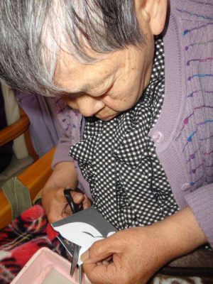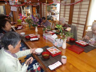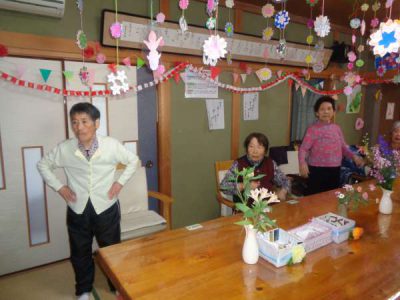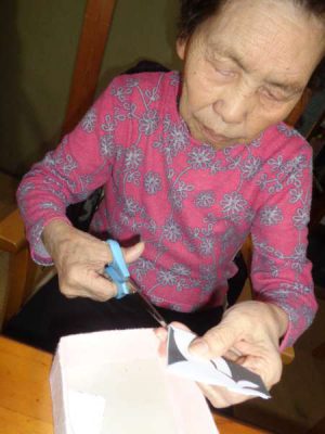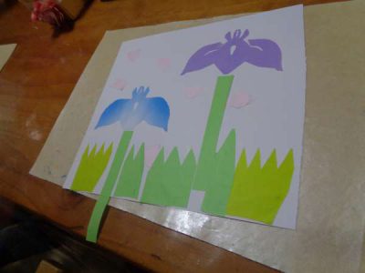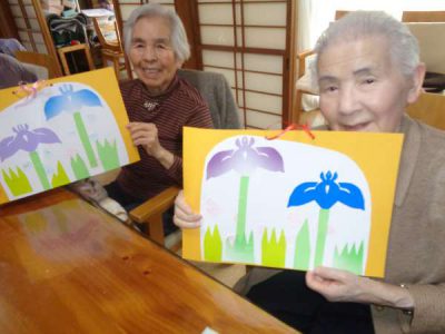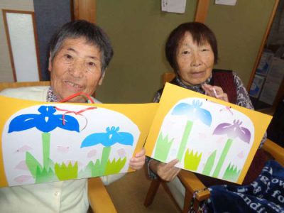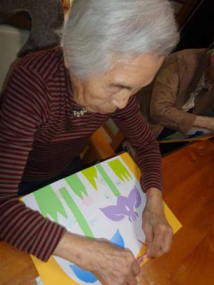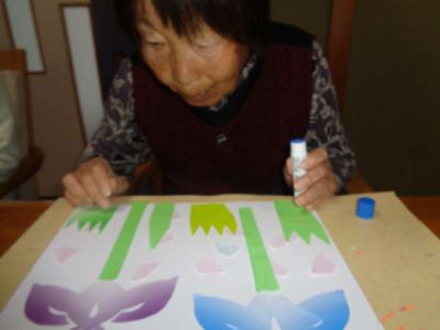午前中は、手工芸で、折り紙を切ったり、貼ったりと、
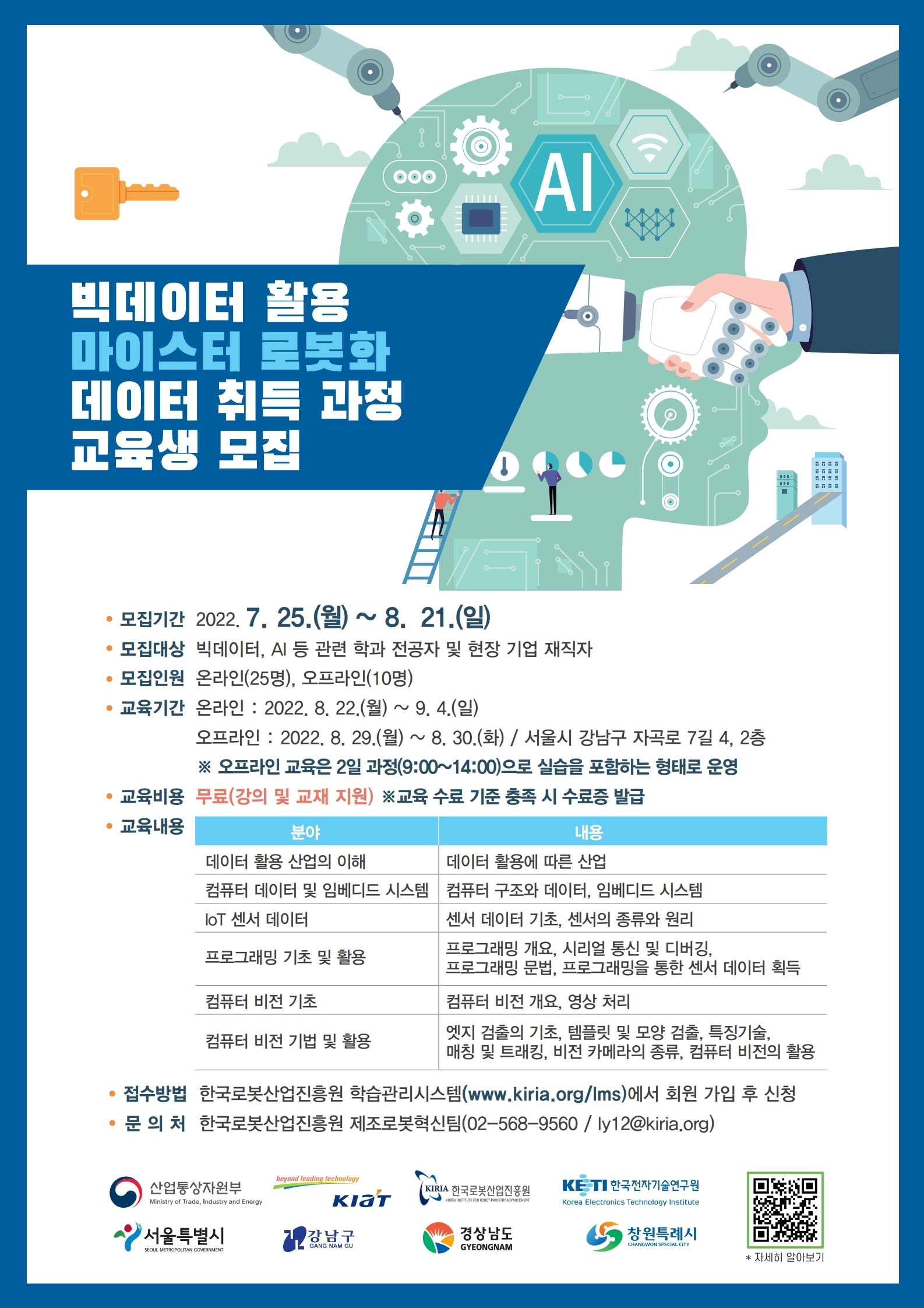 한국로봇산업진흥원(이하 진흥원)이 빅데이터 활용 마이스터 로봇화 데이터 취득 과정을 개설해 온‧오프라인 교육생 총 35명을 모집한다고 밝혔다.
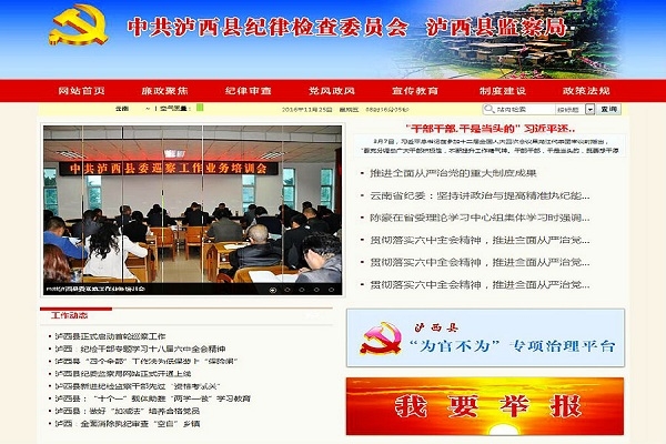 為突出紀檢監察機關特色,網站開設了“為官不為”專項治理平臺、網上舉報、曝光臺等專蘭。其中, “為官不為”專項治理平臺,充分發揮了群眾對干部不作為、慢作為、亂作為問題的監督作用?!熬W上舉報”專欄為廣大瀘西群眾第一時間舉報不正之風和腐敗問題開辟了一條“綠色通道”?!捌毓馀_”發布各地查處的違反中央八項規定精神、發生在群眾身邊的腐敗問題和不正之風的典型案例,充分發揮以案警示的作用。
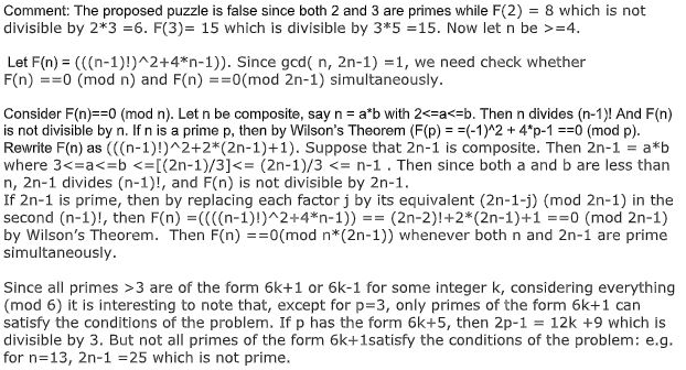Thus, 2n - 1  divides  F(n) , it cannot be composite (but it can be  1).
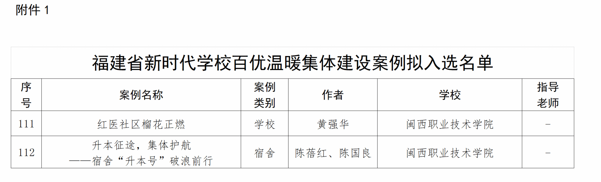 近日,福建省教育厅发布了《关于福建省新时代学校百优温暖集体建设案例拟入选名单的公示》。MG冰球选送的《红医社区榴花正燃》(作者:黄强华)和《升本征途,集体护航——宿舍“升本号”破浪前行》(作者:陈蓓红、陈国良)两篇案例成功入选,充分展示了MG冰球在班集体建设工作中的突出成果和有效实践。
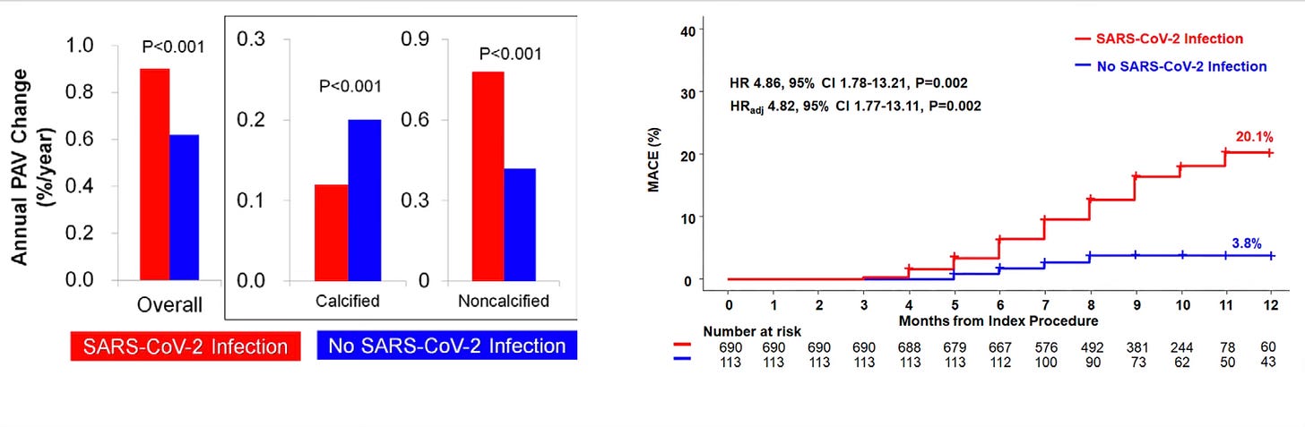 Recently, from patients with repeat CT coronary angiograms (690 with Covid, without hospitalization nad 113 controls, without Covid), there was evidence of more arterial plaque progression (left panel, for one metric below) to high-risk non-calcified plaques, increased inflammation, and more major adverse cardiovascular events (MACE) (right panel) among those with Covid.
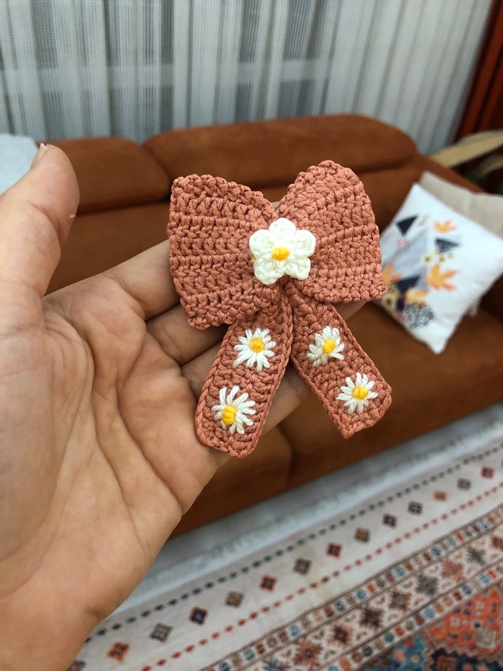 Bohem tarzda kahverengi saç tokası, nakışlı renkli çiçeklerle süslenmiş fiyonk detayıyla dikkat çekiyor.
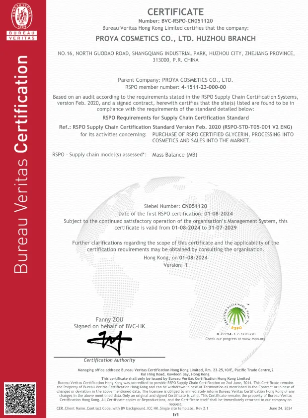 近期,h视频 化妆品股份有限公司湖州分公司(即h视频 护肤工厂)正式获得了可持续棕榈油圆桌倡议(RSPO)供应链认证(Mass Balance(MB)模式),这是h视频 持续追求可持续发展的重要里程碑。
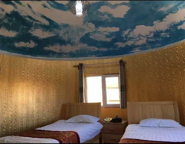 有楼房,也有蒙古包。蒙古包不是在草地上能移动的,而是盖在院子里的,砖砌的,内里布置和现代标间是一样的,卫生间一应俱全,新装了空调不冷。我们住的楼房,还行,有电热水器有空调,睡得很暖和。下图是小伙伴的蒙古包内景,晚上拍星空做前景很棒。
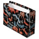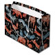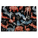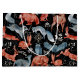 Illustrierte Waldtiere in Rot und Blau, darunter Füchse, Bären, Eulen und Hirsche, sind mit komplizierten Mustern auf schwarzem Hintergrund verziert.
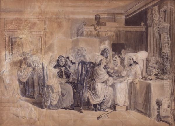 Wilhelm Marstrand’s Karton til "Barselstuen" (Cartoon for "The Maternity Room") is a captivating 19th-century Danish genre painting that exudes warmth and intimacy. Created as a preparatory sketch for a larger work, it depicts a cozy domestic scene—likely a mother and child surrounded by family—with Marstrand’s signature narrative charm. His style blends Romantic sentimentality with keen observational detail, reflecting the Golden Age of Danish art’s focus on everyday life infused with emotional depth. The soft lighting and tender interactions evoke a sense of quiet celebration, characteristic of Marstrand’s ability to transform ordinary moments into poetic vignettes. This work holds significance for its insight into 19th-century bourgeois ideals and Marstrand’s role as a storyteller through brushstrokes, bridging realism and idealism.
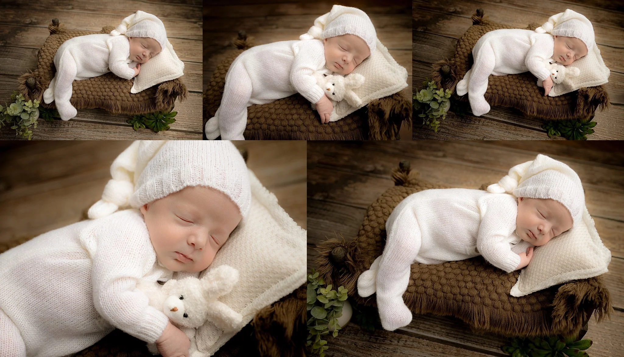 Next, we switched to a white knit outfit and bonnet, keeping things pure and classic. The neutral tones against the rich blue backdrop created a stunning contrast that brought out Caleb’s delicate newborn features. He looked so serene, especially when holding onto a tiny stuffed bunny — one of my favorite moments from this part of the session.
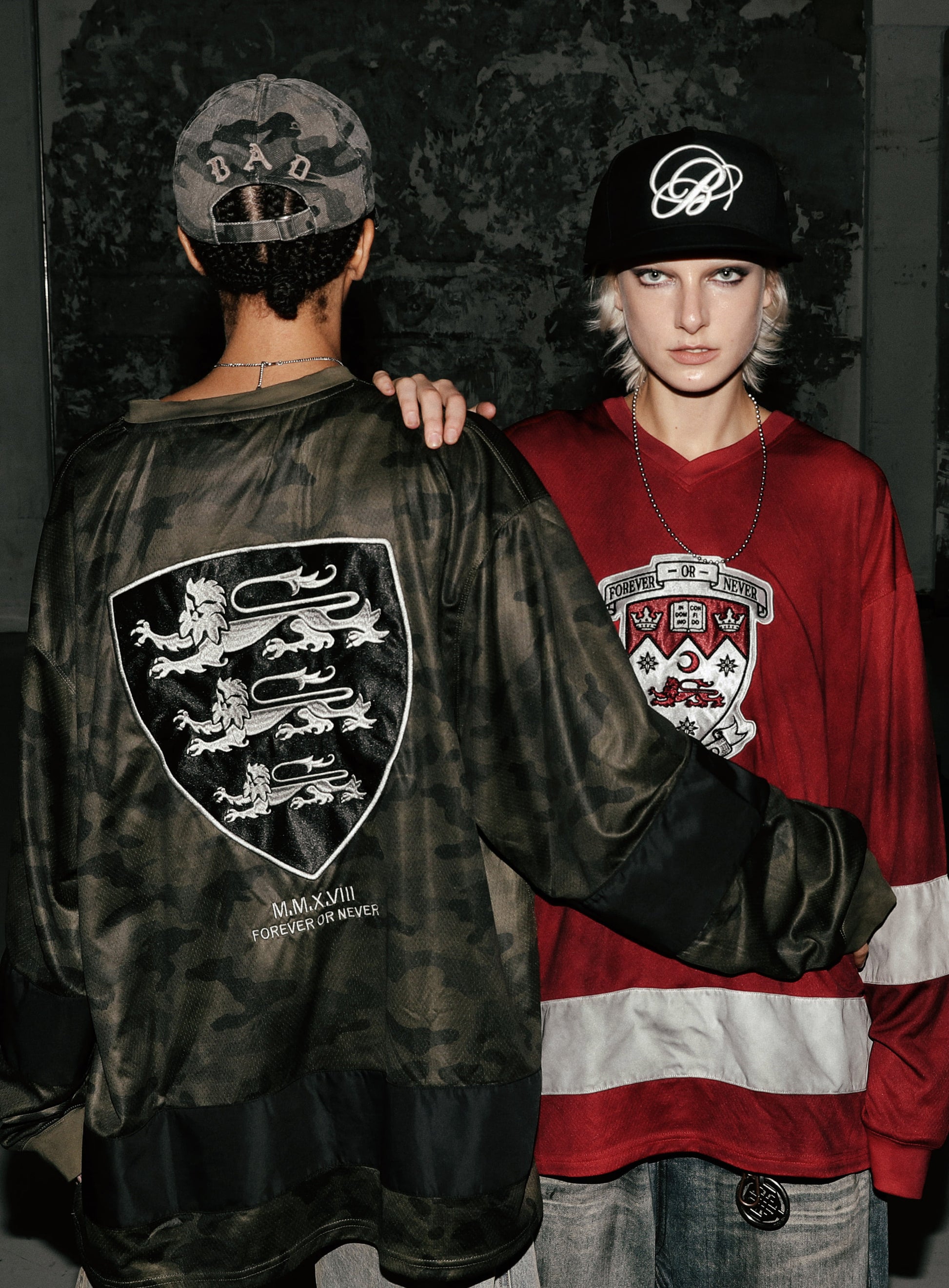 並以街頭風格的獅子 Logo 為亮點的 Shield-M 對比配色 V 領長袖運動上衣。
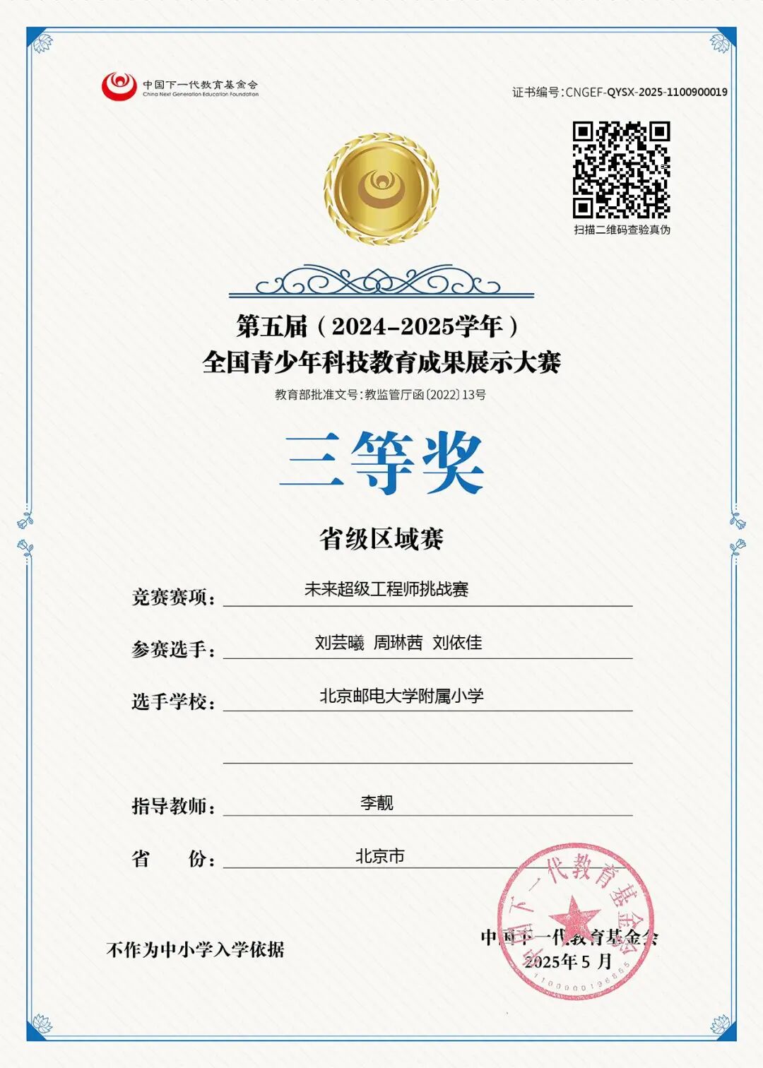 此次比赛,不仅让同学们收获了荣誉,更培养了他们的科学素养与团队精神。他们在实践中感受科技的魅力,在挑战中突破自我,在合作中共同成长。相信这些经历,会成为他们成长道路上宝贵的财富,激励着他们在未来的科技探索之路上继续前行!也希望更多的同学能加入到科技探索的队伍中来,让创新的种子在北邮附小的校园里生根发芽,绽放出更加绚烂的科技之花!

__Work item__.
Would you output only the span of the records above that opens with the line containing "有楼房,也有蒙古包。蒙古包不" and closes with the line containing "Illustrierte Waldtiere in", ends included and pictures dropped?

__Solved exercise__.
 有楼房,也有蒙古包。蒙古包不是在草地上能移动的,而是盖在院子里的,砖砌的,内里布置和现代标间是一样的,卫生间一应俱全,新装了空调不冷。我们住的楼房,还行,有电热水器有空调,睡得很暖和。下图是小伙伴的蒙古包内景,晚上拍星空做前景很棒。
 Illustrierte Waldtiere in Rot und Blau, darunter Füchse, Bären, Eulen und Hirsche, sind mit komplizierten Mustern auf schwarzem Hintergrund verziert.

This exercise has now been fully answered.